### Work to be completed
Only the lines in the entries below from the line with "a colourful assortment of giraffes 🌈🍰🎀" to the line with "БЛАГОДАРЯ ШИРОКОМУ УГЛУ", both included, belong in the answer, transcribed exactly and without pictures.

Start of Dataset entries

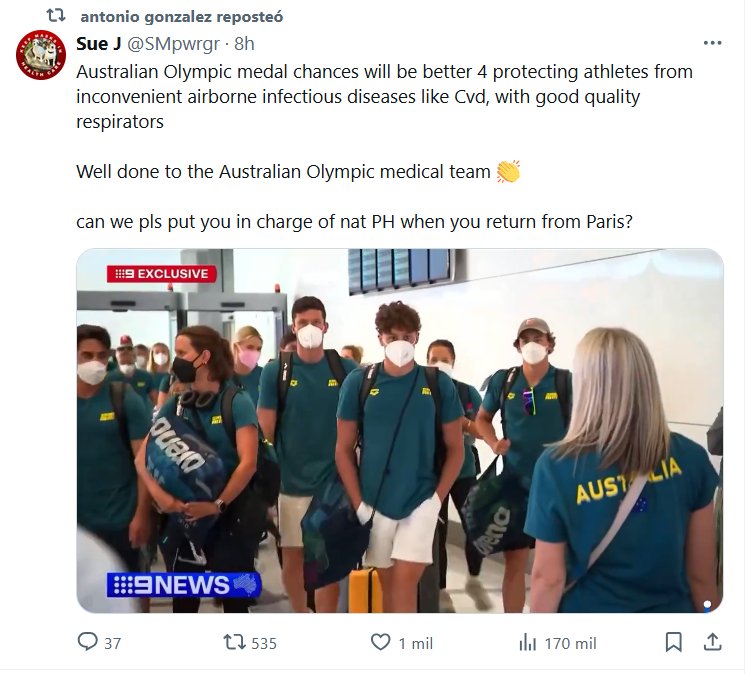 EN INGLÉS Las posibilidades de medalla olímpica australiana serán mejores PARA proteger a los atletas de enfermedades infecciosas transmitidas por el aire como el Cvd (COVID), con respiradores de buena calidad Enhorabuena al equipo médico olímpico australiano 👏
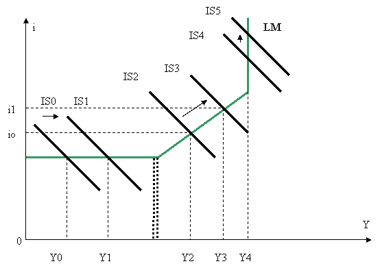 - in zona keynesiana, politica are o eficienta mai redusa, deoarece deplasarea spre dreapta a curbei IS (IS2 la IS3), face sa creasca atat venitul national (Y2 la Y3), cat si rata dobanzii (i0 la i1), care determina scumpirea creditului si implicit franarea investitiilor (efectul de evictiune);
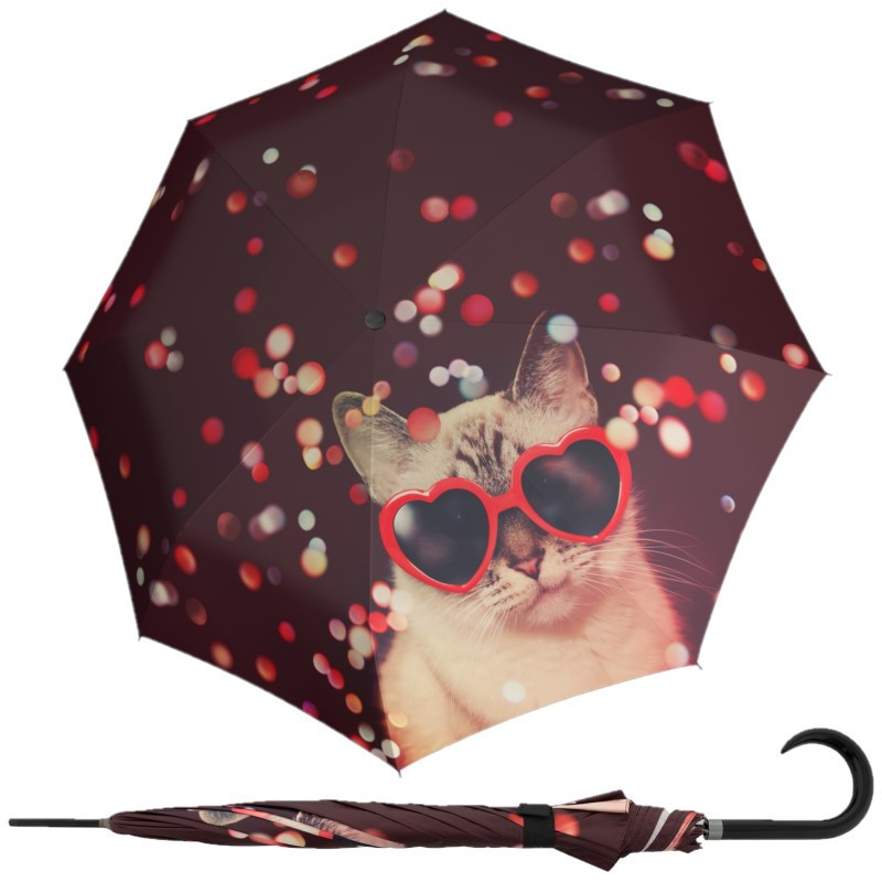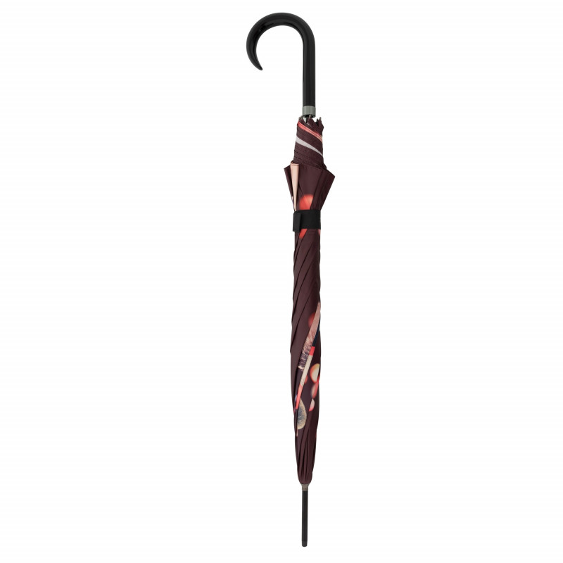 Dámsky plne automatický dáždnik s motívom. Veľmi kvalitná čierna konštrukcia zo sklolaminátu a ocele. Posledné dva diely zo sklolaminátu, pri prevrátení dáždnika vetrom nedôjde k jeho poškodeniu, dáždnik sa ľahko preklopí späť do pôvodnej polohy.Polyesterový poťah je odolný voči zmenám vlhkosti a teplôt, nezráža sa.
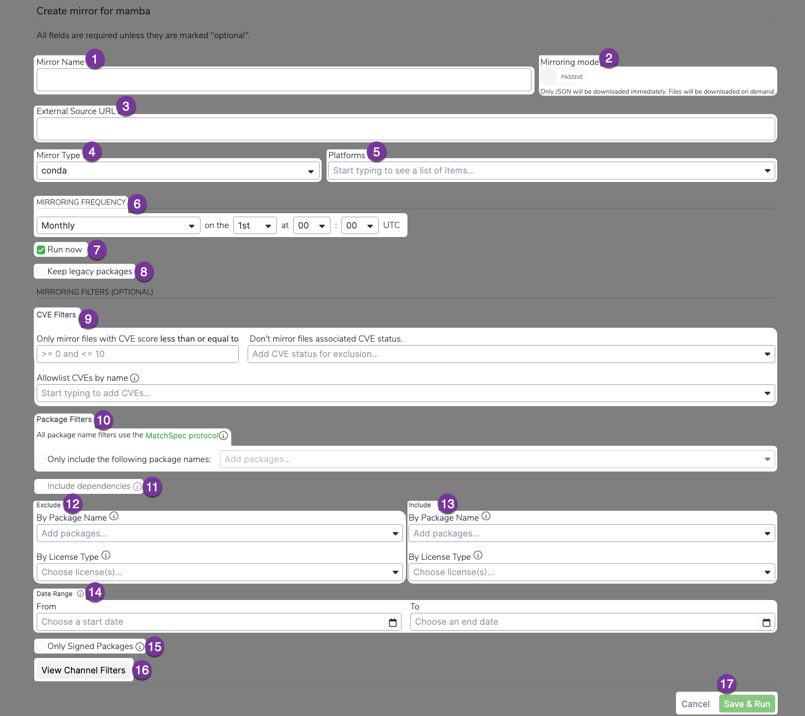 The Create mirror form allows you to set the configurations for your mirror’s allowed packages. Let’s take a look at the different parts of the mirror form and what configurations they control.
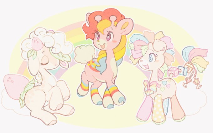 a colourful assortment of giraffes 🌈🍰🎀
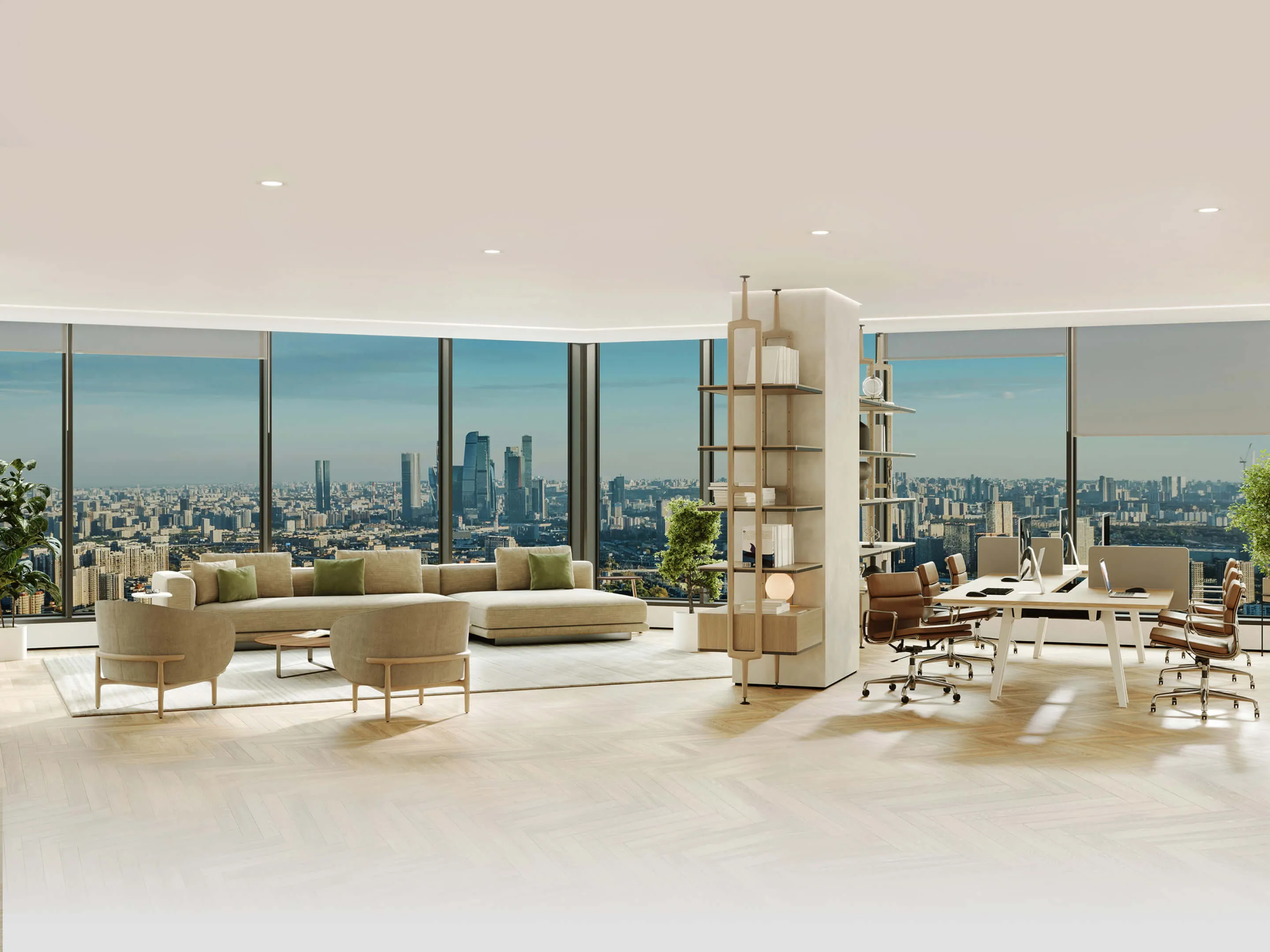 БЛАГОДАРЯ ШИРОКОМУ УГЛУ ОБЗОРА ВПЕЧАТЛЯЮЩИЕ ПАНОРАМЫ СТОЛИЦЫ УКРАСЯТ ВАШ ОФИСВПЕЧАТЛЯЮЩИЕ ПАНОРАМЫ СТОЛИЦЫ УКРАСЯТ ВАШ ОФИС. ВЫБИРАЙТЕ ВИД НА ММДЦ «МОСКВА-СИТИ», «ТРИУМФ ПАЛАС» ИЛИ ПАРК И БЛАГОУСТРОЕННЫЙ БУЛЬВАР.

End of Dataset entries
Start of Dataset entries

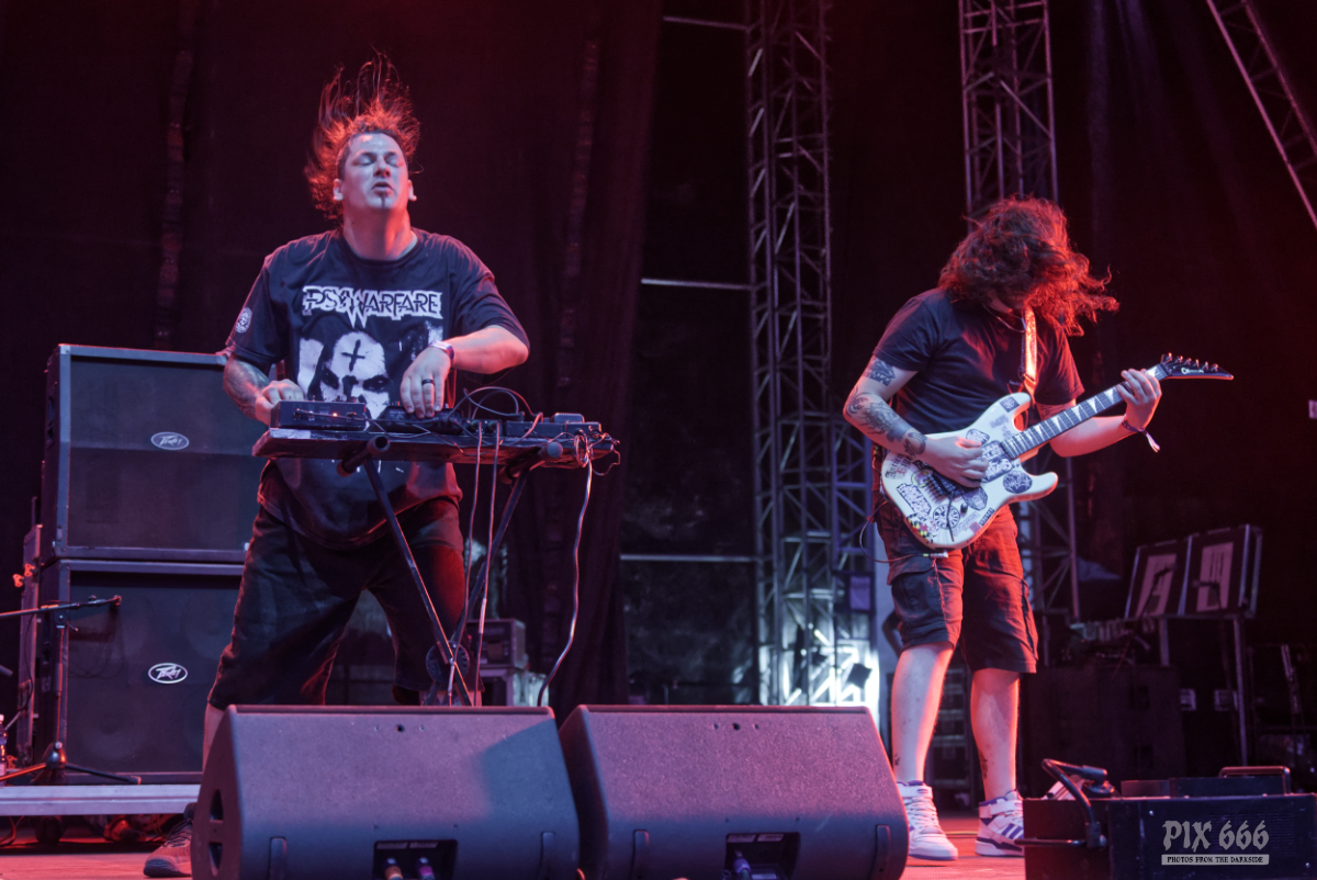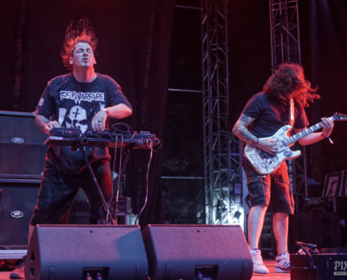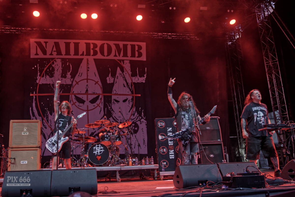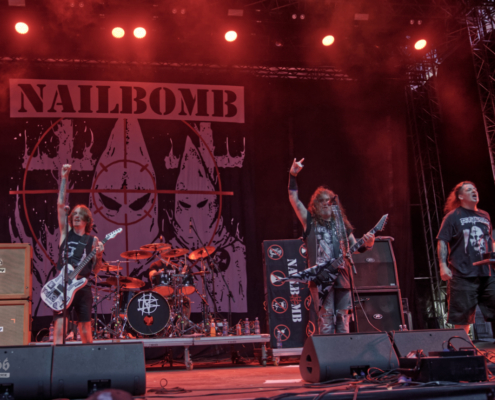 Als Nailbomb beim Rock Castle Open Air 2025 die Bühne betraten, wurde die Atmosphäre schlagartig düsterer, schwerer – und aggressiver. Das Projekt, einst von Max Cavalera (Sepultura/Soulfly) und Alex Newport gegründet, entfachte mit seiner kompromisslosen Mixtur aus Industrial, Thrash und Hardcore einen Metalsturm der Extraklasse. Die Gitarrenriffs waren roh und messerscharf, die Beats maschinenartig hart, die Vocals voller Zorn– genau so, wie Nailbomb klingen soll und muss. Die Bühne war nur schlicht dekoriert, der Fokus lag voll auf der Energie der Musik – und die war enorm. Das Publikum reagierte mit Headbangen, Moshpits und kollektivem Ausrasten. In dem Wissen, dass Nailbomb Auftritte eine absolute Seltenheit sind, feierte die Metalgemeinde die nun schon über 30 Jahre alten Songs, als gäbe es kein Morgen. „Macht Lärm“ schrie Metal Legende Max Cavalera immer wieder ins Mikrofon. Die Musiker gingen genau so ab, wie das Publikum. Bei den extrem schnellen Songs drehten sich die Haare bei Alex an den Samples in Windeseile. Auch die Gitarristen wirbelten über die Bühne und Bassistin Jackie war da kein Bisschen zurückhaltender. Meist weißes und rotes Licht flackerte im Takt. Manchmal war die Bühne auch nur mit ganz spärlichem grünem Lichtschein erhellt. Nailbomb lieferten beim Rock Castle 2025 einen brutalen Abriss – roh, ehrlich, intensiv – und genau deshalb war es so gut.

End of Dataset entries
Start of Dataset entries

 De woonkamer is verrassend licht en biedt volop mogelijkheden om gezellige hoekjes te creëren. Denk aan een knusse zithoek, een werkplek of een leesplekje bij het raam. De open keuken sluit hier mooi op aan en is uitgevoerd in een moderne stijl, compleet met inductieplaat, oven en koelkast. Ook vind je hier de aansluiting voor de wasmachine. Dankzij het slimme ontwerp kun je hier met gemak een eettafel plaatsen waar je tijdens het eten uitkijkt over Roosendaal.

End of Dataset entries

### Reply
 a colourful assortment of giraffes 🌈🍰🎀
 БЛАГОДАРЯ ШИРОКОМУ УГЛУ ОБЗОРА ВПЕЧАТЛЯЮЩИЕ ПАНОРАМЫ СТОЛИЦЫ УКРАСЯТ ВАШ ОФИСВПЕЧАТЛЯЮЩИЕ ПАНОРАМЫ СТОЛИЦЫ УКРАСЯТ ВАШ ОФИС. ВЫБИРАЙТЕ ВИД НА ММДЦ «МОСКВА-СИТИ», «ТРИУМФ ПАЛАС» ИЛИ ПАРК И БЛАГОУСТРОЕННЫЙ БУЛЬВАР.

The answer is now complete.